» Problem details
Reproduce exactly only the lines from the line that holds "Yapay zeka asistanının" to the line that holds "- Adjustable Height: Adjustable", inclusive, in the listing below, and please leave out every picture.
***** Dataset
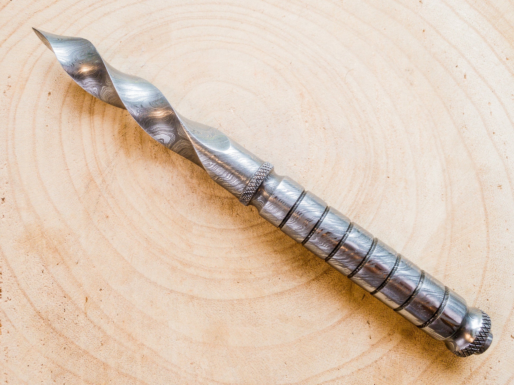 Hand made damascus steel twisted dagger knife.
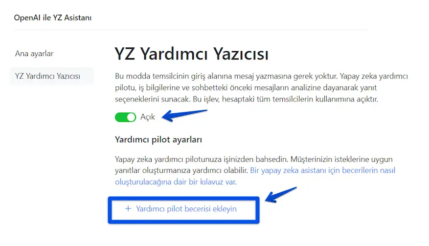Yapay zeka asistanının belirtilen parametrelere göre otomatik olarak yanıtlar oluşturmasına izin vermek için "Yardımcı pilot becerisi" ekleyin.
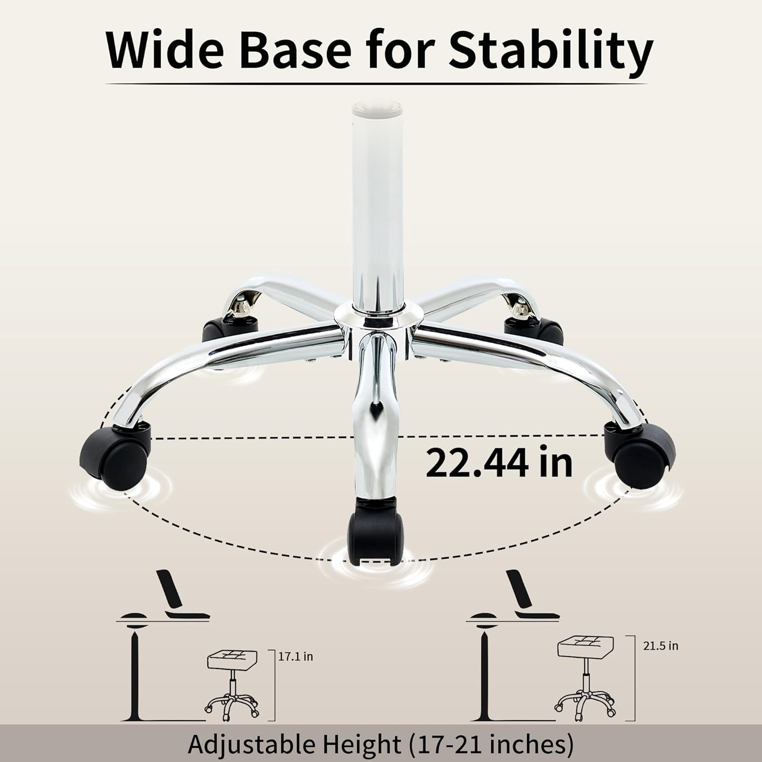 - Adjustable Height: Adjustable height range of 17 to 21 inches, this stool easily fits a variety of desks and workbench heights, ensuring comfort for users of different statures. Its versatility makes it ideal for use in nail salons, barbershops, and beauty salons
**********
***** Dataset
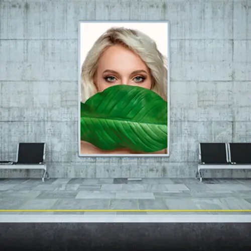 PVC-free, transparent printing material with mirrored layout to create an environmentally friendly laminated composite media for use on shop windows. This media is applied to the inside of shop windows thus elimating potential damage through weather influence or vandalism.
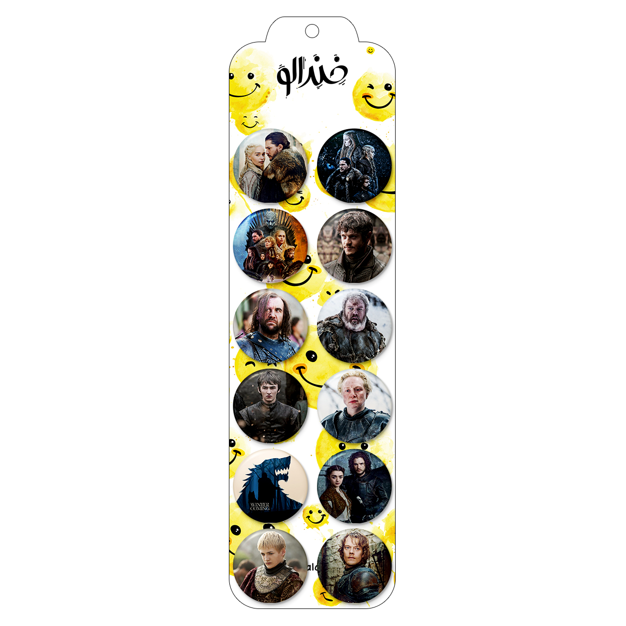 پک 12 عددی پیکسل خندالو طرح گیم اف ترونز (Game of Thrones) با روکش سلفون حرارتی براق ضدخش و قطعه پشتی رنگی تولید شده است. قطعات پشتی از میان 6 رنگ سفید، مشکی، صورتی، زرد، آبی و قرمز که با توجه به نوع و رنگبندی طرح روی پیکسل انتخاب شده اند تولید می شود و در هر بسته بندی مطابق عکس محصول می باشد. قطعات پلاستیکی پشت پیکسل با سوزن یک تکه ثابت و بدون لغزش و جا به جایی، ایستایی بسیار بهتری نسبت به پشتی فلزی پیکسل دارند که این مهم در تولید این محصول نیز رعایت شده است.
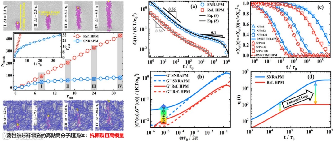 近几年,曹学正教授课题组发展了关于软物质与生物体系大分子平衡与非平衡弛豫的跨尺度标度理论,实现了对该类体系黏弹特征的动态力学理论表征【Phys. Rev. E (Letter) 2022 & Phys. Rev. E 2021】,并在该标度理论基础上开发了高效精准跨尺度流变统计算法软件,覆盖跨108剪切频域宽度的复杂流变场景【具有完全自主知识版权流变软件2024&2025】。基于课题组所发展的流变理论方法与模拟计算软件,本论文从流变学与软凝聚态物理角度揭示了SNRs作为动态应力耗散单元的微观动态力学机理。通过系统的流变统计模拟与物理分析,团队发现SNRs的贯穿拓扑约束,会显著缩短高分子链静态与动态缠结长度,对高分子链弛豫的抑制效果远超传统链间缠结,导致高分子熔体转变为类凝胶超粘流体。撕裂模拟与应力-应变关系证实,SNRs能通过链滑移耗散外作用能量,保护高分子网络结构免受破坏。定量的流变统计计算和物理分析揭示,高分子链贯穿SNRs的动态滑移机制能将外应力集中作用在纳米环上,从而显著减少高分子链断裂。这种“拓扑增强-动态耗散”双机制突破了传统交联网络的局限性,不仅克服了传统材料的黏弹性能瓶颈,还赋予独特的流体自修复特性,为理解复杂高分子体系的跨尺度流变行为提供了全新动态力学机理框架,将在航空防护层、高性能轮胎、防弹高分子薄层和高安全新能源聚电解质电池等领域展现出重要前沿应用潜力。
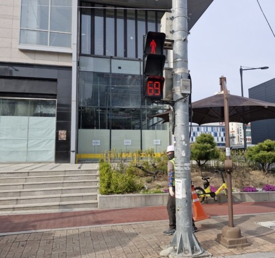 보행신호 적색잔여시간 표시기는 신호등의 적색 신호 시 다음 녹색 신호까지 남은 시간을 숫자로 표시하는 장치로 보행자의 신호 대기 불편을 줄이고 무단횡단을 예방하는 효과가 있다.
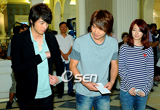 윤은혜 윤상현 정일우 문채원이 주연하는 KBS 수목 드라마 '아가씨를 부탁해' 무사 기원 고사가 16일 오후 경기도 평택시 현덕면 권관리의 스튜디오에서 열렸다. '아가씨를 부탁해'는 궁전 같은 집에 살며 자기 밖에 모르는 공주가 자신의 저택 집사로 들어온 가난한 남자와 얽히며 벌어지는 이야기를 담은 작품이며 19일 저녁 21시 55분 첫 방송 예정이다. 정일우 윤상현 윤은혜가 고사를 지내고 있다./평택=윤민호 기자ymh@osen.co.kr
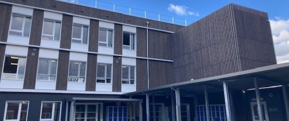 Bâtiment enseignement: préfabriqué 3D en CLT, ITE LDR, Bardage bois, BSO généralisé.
**********
***** Dataset
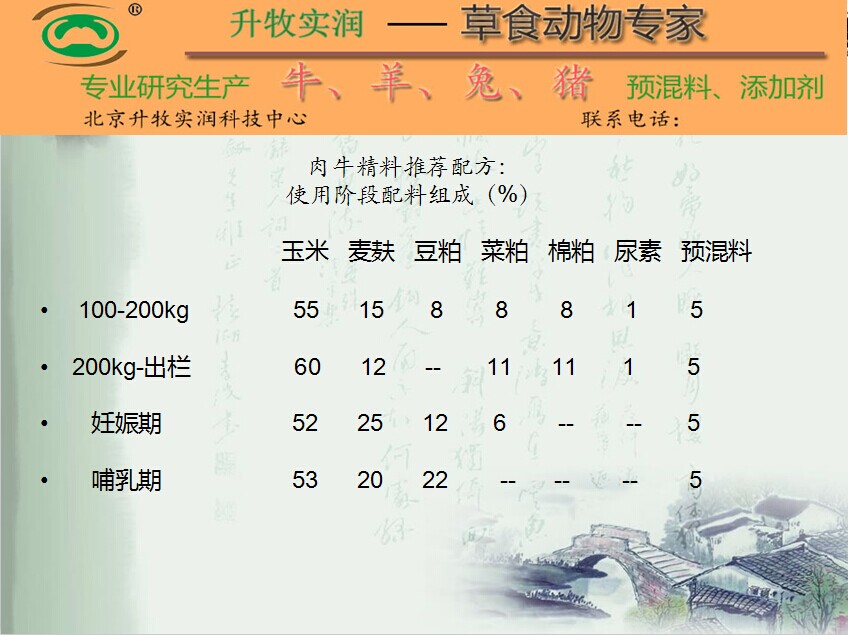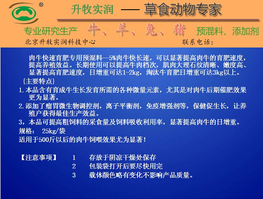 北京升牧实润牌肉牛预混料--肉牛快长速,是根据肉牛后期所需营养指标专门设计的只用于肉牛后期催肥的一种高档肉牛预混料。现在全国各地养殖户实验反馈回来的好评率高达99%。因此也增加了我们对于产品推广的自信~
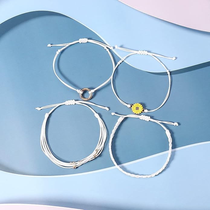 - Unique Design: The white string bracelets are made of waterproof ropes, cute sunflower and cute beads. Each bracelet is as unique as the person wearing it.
**********
» Response to the task
Yapay zeka asistanının belirtilen parametrelere göre otomatik olarak yanıtlar oluşturmasına izin vermek için "Yardımcı pilot becerisi" ekleyin.
 - Adjustable Height: Adjustable height range of 17 to 21 inches, this stool easily fits a variety of desks and workbench heights, ensuring comfort for users of different statures. Its versatility makes it ideal for use in nail salons, barbershops, and beauty salons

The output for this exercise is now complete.